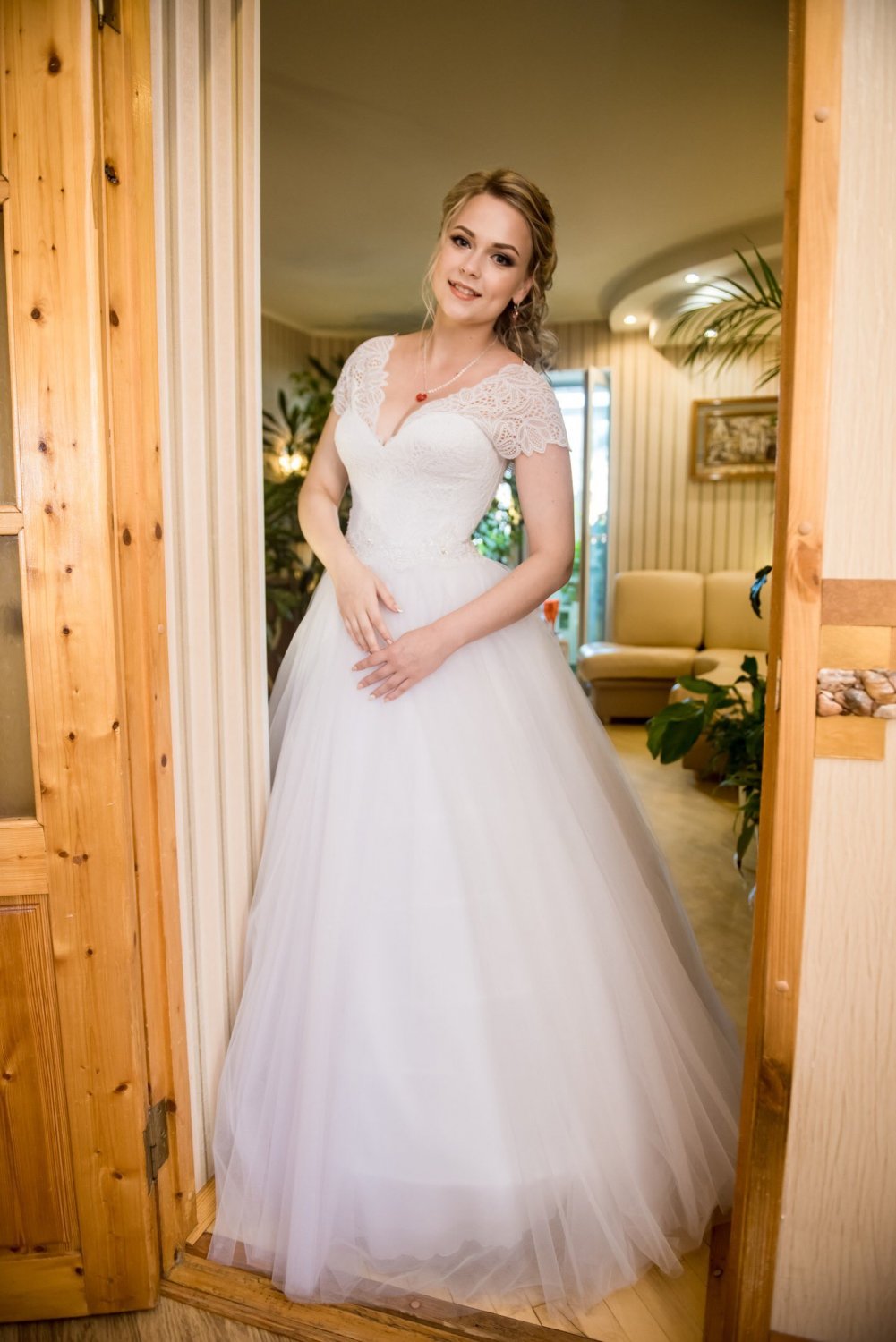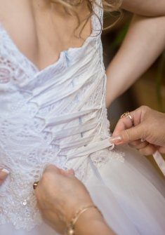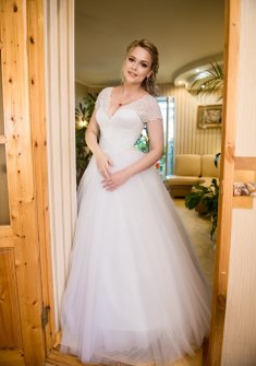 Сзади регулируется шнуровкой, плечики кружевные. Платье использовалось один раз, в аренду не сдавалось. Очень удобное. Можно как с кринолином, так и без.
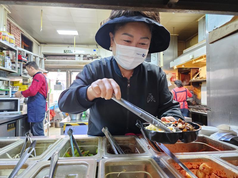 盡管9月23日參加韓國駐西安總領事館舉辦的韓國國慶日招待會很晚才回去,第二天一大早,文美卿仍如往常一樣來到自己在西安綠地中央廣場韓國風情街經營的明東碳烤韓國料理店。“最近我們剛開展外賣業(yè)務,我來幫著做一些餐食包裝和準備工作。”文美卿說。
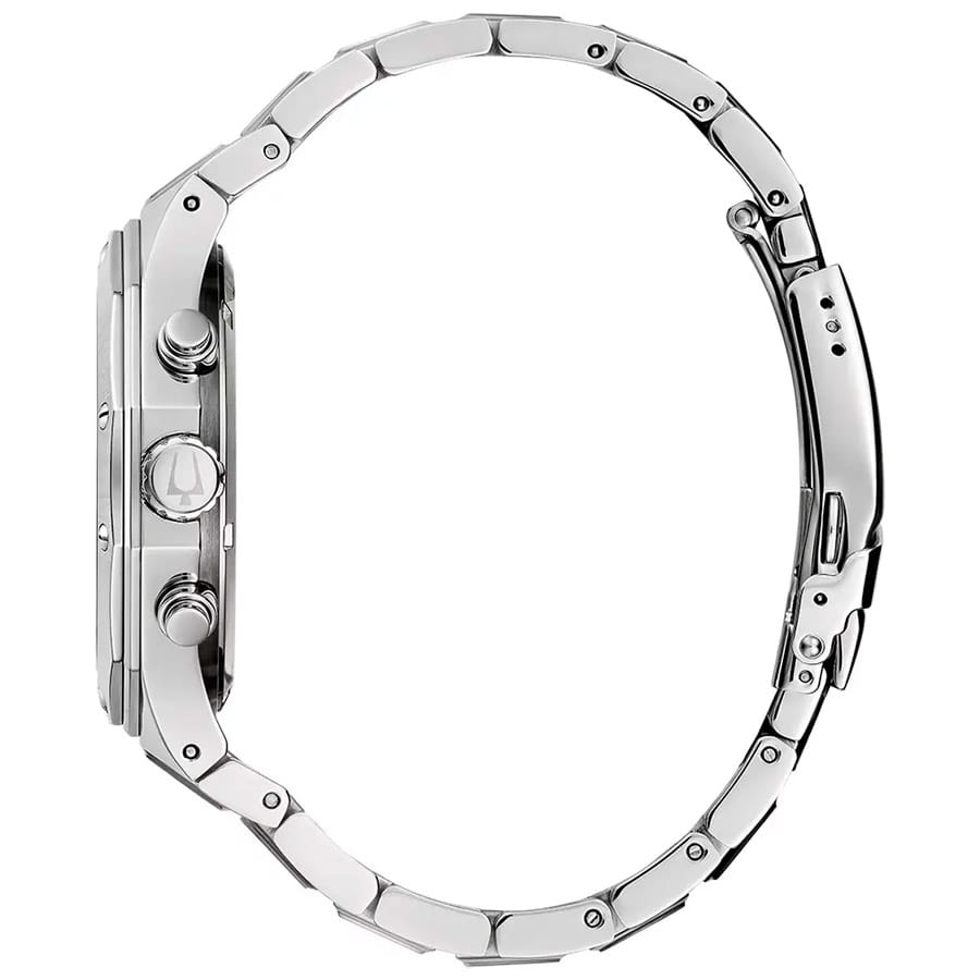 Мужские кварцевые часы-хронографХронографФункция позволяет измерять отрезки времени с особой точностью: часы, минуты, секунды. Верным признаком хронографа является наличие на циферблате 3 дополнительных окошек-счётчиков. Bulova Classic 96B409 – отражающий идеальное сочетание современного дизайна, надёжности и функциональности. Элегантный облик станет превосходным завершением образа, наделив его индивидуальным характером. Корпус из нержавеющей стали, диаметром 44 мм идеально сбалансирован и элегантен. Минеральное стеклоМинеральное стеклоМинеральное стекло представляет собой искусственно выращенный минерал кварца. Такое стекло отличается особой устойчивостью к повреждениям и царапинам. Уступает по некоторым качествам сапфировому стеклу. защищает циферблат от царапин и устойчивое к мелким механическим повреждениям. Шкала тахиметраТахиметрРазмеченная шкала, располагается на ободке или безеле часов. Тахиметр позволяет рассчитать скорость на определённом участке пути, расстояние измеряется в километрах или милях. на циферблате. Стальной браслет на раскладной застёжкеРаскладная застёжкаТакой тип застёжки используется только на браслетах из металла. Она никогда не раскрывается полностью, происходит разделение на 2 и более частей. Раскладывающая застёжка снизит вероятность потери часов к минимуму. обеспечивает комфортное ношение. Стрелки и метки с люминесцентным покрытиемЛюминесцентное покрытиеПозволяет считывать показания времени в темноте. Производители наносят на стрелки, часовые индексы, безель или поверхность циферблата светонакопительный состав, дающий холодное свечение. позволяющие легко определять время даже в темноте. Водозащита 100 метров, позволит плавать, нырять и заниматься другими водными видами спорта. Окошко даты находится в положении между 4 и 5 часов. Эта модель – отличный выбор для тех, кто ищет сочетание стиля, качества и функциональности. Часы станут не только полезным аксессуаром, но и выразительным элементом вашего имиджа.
++++++
**Brief**
Leave out the pictures and restate, word for word, the lines from the top of the data through the line containing "盡管9月23日參加韓國駐西安", both included.

**Result for this exercise**
 Сзади регулируется шнуровкой, плечики кружевные. Платье использовалось один раз, в аренду не сдавалось. Очень удобное. Можно как с кринолином, так и без.
 盡管9月23日參加韓國駐西安總領事館舉辦的韓國國慶日招待會很晚才回去,第二天一大早,文美卿仍如往常一樣來到自己在西安綠地中央廣場韓國風情街經營的明東碳烤韓國料理店。“最近我們剛開展外賣業(yè)務,我來幫著做一些餐食包裝和準備工作。”文美卿說。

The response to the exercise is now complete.